The preceding three-dimensional OLAP cube represents units sold dimensioned by time, product, and location. (The location members are East, West, Central, and South.) The shaded cell represents the number of widgets sold in the East region in 1999. You could find the number of units sold for any other product in any other region at any other time by finding the cell at the intersection point of three members, one from each dimension.
Suppose you also want to factor customer accounts into the analysis. Although showing four dimensions graphically is a challenge, the result of this added dimension is clear: in our example, each cell of the OLAP cube represents the intersection of an account, a year, a region, and a product.
Hierarchy is the organization of cube data elements with their reporting structures. It represents both the hierarchy and the method of consolidation in a dimension level.
The example cube has only one level in each dimension. The time dimension consists of one level containing three members (years), and the location dimension consists of one level containing four members (regions). However, the data used to build such OLAP cubes probably supports more than just one level in each dimension.
For example, when a company records a sale, that sale occurs in a particular month, which occurs in a particular quarter and in a particular year. You can examine the time dimension at one of three levels: month, quarter, or year. Likewise, you can record that each sale occurs in a particular office, in a particular city, or in a particular region. The location dimension might also have three levels, such as office, city, and region.
As mentioned, the categories found at each level of a dimension are called members.

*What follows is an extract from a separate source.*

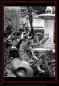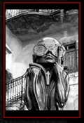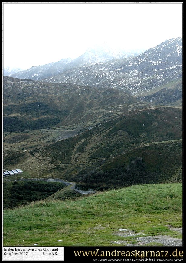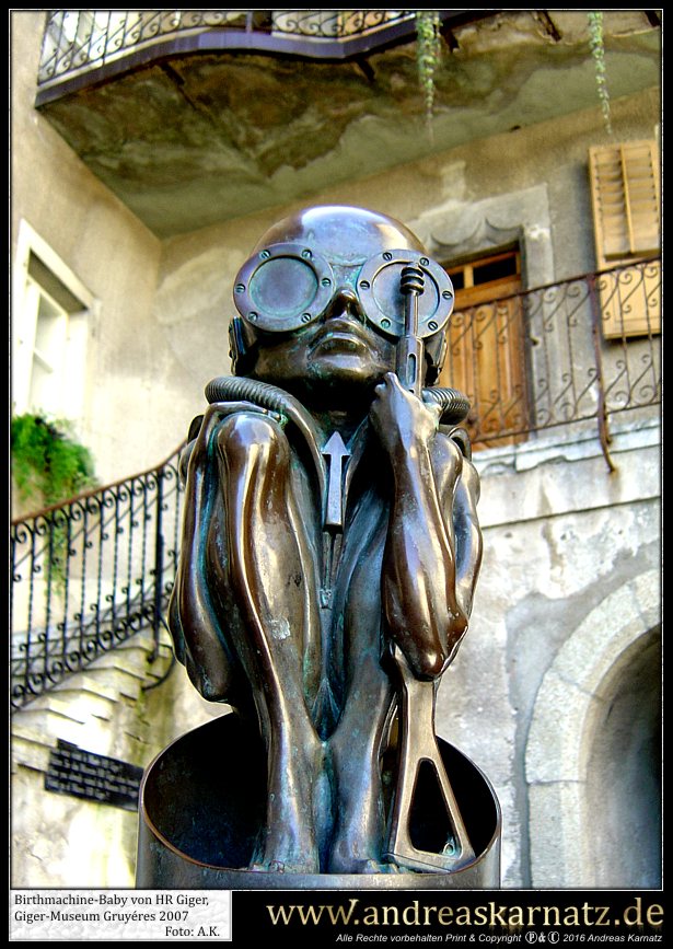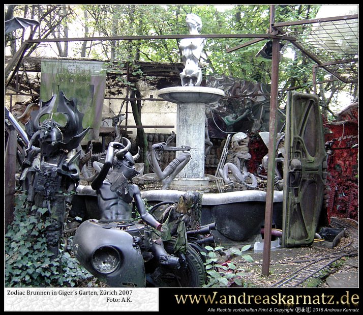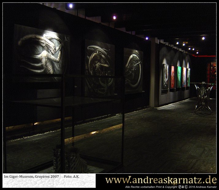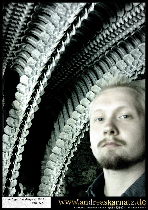 Am selben Abend hatte ich noch vor Ort einen kleinen Gig. Die sogenannte "Werkstatt", in der auch schon Größen wie Hans Söllner oder Element of crime auftraten, hatte ein tolles Ambiente doch leider schienen die Schweizer von meiner Musik nicht besonders angetan zu sein. Dies äusserte sich auch in der spartanisch ausfallenden Kollekte im Anschluss des Konzerts. Man sollte ganz einfach nicht sein Konzert mit den Worten, "Guten Abend! Mein Name ist Andreas Karnatz und ich bin kein Terrorist sondern nur ein deutscher Tourist...", beginnen. Der Besitzer war überaus freundlich und lud mich sogar noch zum Essen ein. Nun, eines weiß ich seitdem. Ich esse nie wieder in meinem Leben Humus. Dieser grüne Knallerbsenbrei sah genau so aus wie er schmeckte. Trotzdem einen Dank und liebe Grüße an Nico. Die Schweizer, so wie ich sie erlebt habe, sind ein bedachtes und freundliches Völkchen, die ich irgendwie in mein Herz geschlossen habe. In den nächsten Tagen arbeitete ich mich dann langsam durch das Schweizer Hinterland zum Giger Museum nach Gruyéres vor. Es war interessant zu sehen, wie inmitten all dieser Rösti- und Fonduerestaurants, jener schwarze Monolith von einem Museum stand. Dort im Spell-Room begreift man erst, was HR Giger geschaffen hat. Ich ziehe meinen Hut und bin angepisst über so viel Kreativität. Auf jeden Fall gönnte ich mir das ein und andere Getränk in der gegenüberliegenden Giger-Bar und genoss diese Zeit ausgiebig. Als krönenden Abschluss meiner Reise empfing mich der Hohepriester und seine getraute Carmen in ihrem bescheidenen Reihenhaus in Zürich. Giger hatte zwar nur kurz für mich Zeit, aber wann erlebt man schon so etwas. Er signierte mir meine Zeitungen und anschließend machte Carmen von uns noch ein paar Fotos. Später unterhielt ich mich noch gut 2 Stunden mit ihr in der Küche über Gott und die Welt, inklusive einer Führung durchs Haus. Dort sah ich in Giger´s Atelier noch nicht beendete Bilder und fühlte mich privilegiert über solch Freundlichkeit einem eigentlich Fremden gegenüber. Giger fragte mich, ob ich denn schon den Garten gesehen hätte. Also kam ich, bevor ich meine Reise nach Hause antrat, noch in jenen Genuss. Dabei wuselten immer irgendwelche Arbeiter durch den verwilderten Garten und so musste ich zwangsläufig an Dracula denken. Jener Graf, der Lakaien für den Transport seiner fauligen Erde und Kisten beauftragt hatte. Sklaven im Dienste des Meisters. Ameisen darauf bedacht, das Reich der Königin, in diesem Fall Giger, weiter auszubauen. Und ich wusste, dass der einzige Mensch, dem ich Sklave sein wollen würde, Hansruedi Giger wäre. Da der König mich nicht in die Reihen seiner Heeresscharen rief, war meine Mission erfüllt. Nach zwei Wochen im Auto wollte ich nur noch in einem anständigen Bett schlafen; und es wurde nachts langsam auch immer kälter. Dies war also im Nachhinein betrachtet das Einzige was mir meine Zeitung einbrachte. Jene Reise und das ich HR Giger etwas näher kennen lernen durfte. Es war ganz einfach groß und intensiv. Dieser Trip hat in meinem Gedächtnis schon jetzt eine mythische Qualität erreicht. Auf den Spuren des Meisters quer durch die Schweiz. Als ich HR Giger mal in einem Traum fragte, warum er erst zögerte bei meiner Zeitung mitzumachen, antwortete
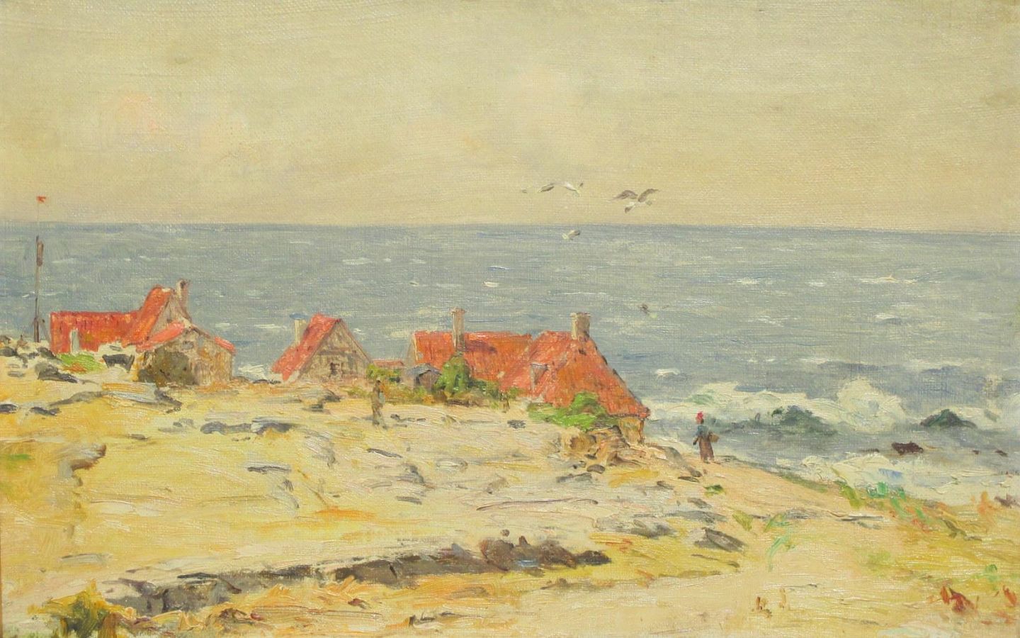 Winther, Frederik (1853 - 1916) Danmark - tilskrevet: Parti fra Christiansø. Olie på lærred. Usigneret. Men betegnet på blændrammen. 23 x 34 cm.

You can envision multilevel dimensions as tree diagrams, the members of which relate to each other in various parent-child relationships. Some members are parents of other members, some are children, and some are both.

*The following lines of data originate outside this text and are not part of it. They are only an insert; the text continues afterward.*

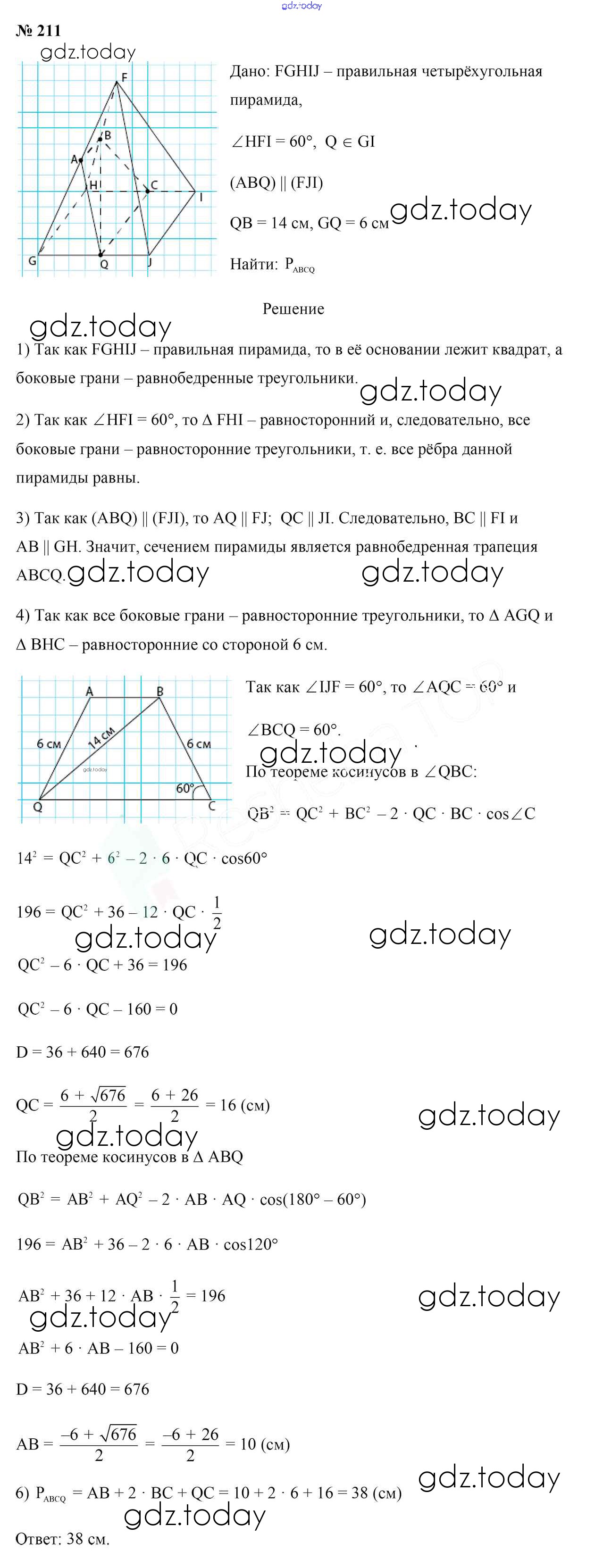 Ответы к Решение к задачам 211 Учебнику по Геометрии для 10 класса Латотин, Чеботаревский Народная асвета 2020
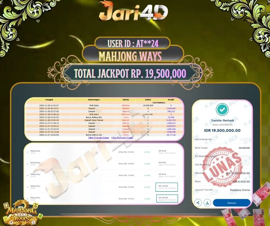 Bukti Withdraw Kemenangan Jackpot Di Situs Jari4D Jari4d Merupakan Situs Judi Online Togel , Slot , Livecasino Resmi Paling Terpercaya Sepanjang Tahun Sampai Saat Ini 2025. Jari4D Juga Merupakan Situs Online Dengan Licensi Kemenangan Jackpot Berapapun Pasti Di Bayar Tuntas !!! Tanpa Sedikit-Pun Basaa Basi Dari Pihak Web Dan Management Withdraw Jari4D. Kemenangan Berapapun […]
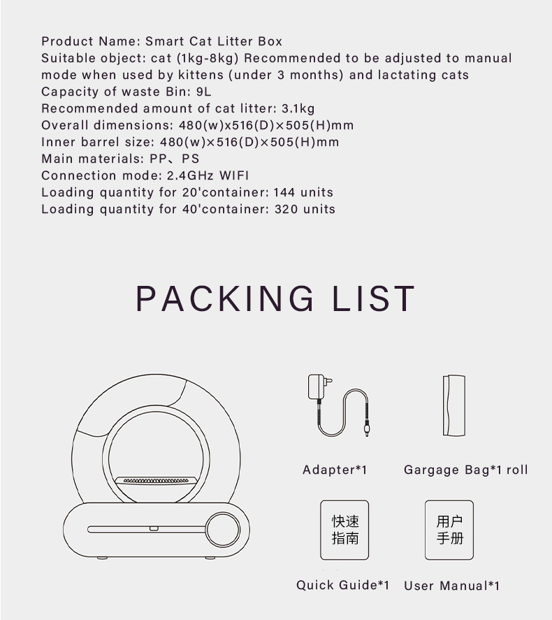 Полностью автоматический кошачий песчаный горшок 65 литров большой емкости легко чистить Автоматическая индукция Tuya APP трансграничная горячая распродажа
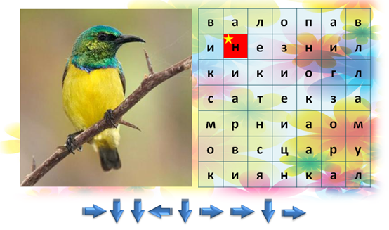 5. (4 балла) В таблице с буквами зашифровано название птицы, которая изображена на рисунке. Чтобы узнать название этой птички, двигайся по указанным стрелкам в таблице, начиная с выделенной клеточки. Запиши в ответе только полученное слово.

Each box in the diagram represents a unique member. This diagram is familiar to PeopleSoft Tree Manager users. In fact, PeopleSoft trees can play an important role in defining the hierarchy of an OLAP cube.

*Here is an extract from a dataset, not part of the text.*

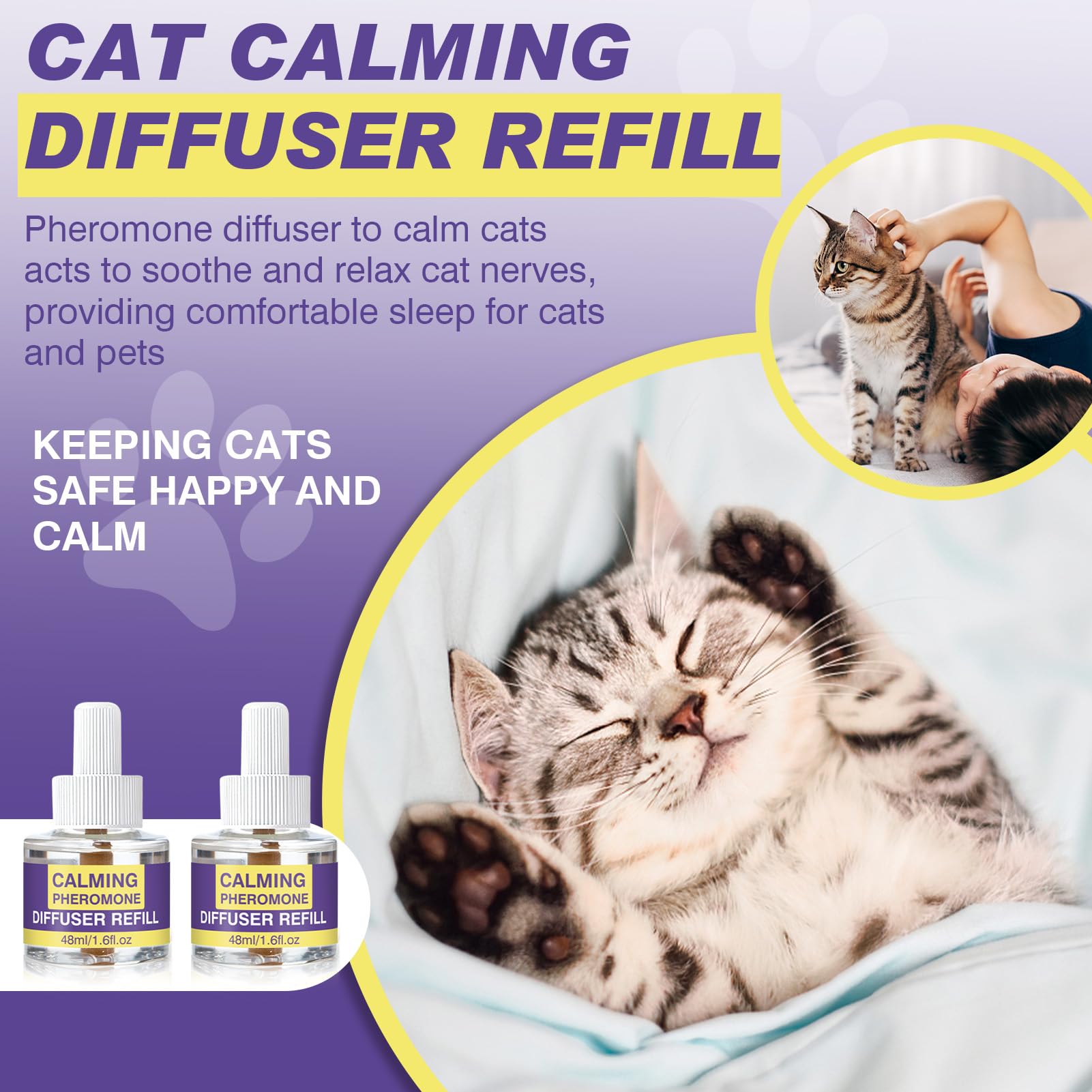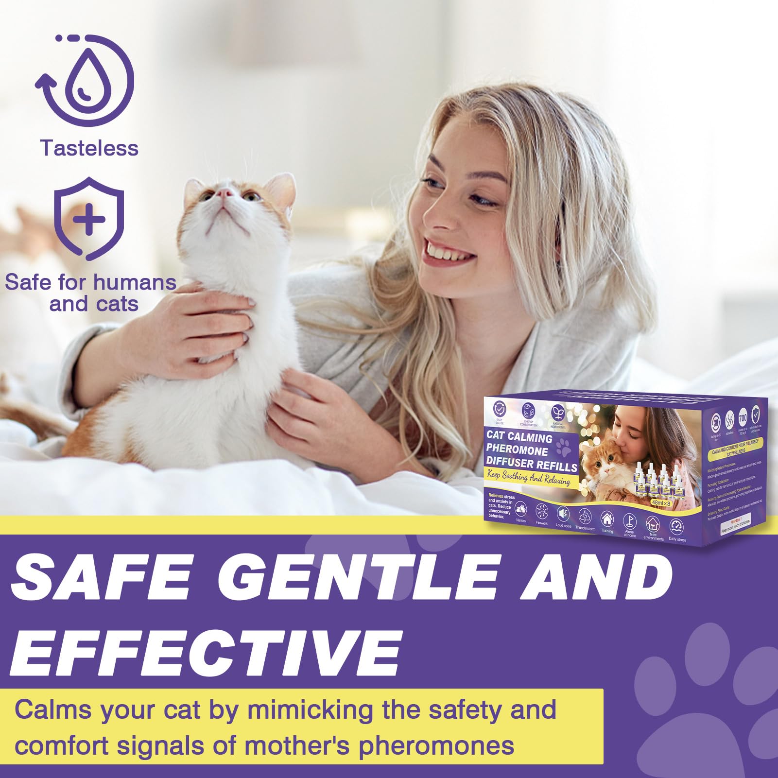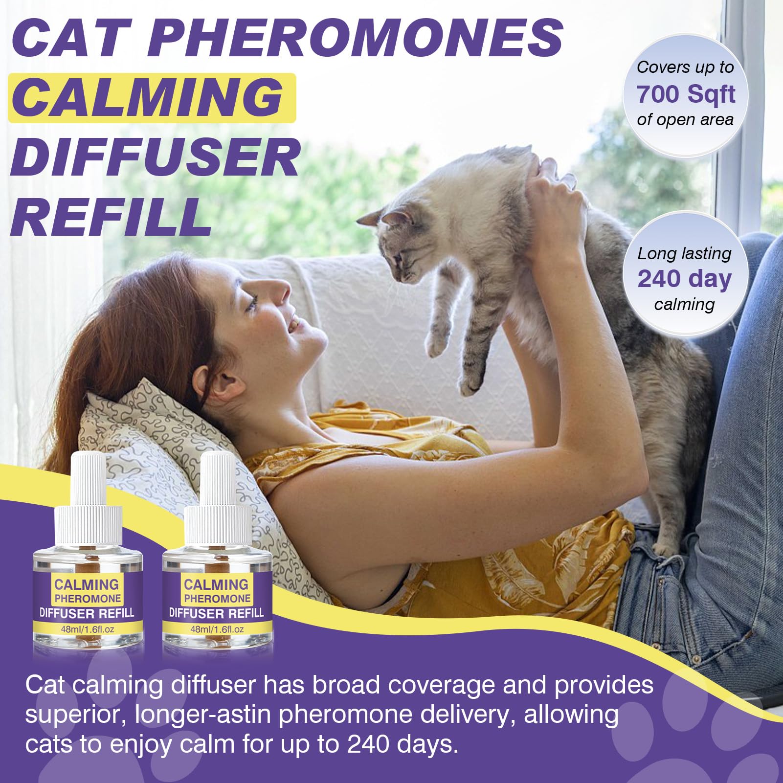 Selected Sets for Long-Term Calm: The cat calming diffuser refill set contains 8 cat pheromone diffuser refills (48 ml each). Each calming cat diffuser refill provides you with up to 30 days of calm so your cat can enjoy more happiness. Cat relaxing diffuser is a cat calming product. Cat pheromones can soothe and relax cat nerves, providing cats and pets with a comfortable sleep. Calm cat diffuser refills are very easy to use and store

See PeopleSoft Tree Manager Overview.
Consolidation
Viewing the dimension of a hierarchy tells you about the organization of its members, but you should consider another facet of the dimension. You need to know how to consolidate the values that are found under child members into the value of their parent members. For example, the children might be added together to equal the parent. This scenario is certainly the case in a time dimension, in which the value for each member is added to its siblings to equal the value of its parent. (Three months can be consolidated into their parent quarter, four quarters can be consolidated into their parent year, and so on.)
The following table shows the cube example, adding a second level, quarters, to the time dimension of the original example.
To consolidate the data
at the quarterly level into the yearly level, the quarterly data is
added together. The 2001 rollup is Q1 2001 + Q2 2001 + Q3
2001 + Q4 2001
.
However, you also might find dimensions in which certain members are to be subtracted from their siblings, such as in a profit dimension. In such a dimension, suppose two members are at the first level, margin and total expenses, both of which are reported as positive values. To find the total profits, you would not add margin and total expenses, instead you would subtract total expenses from margin.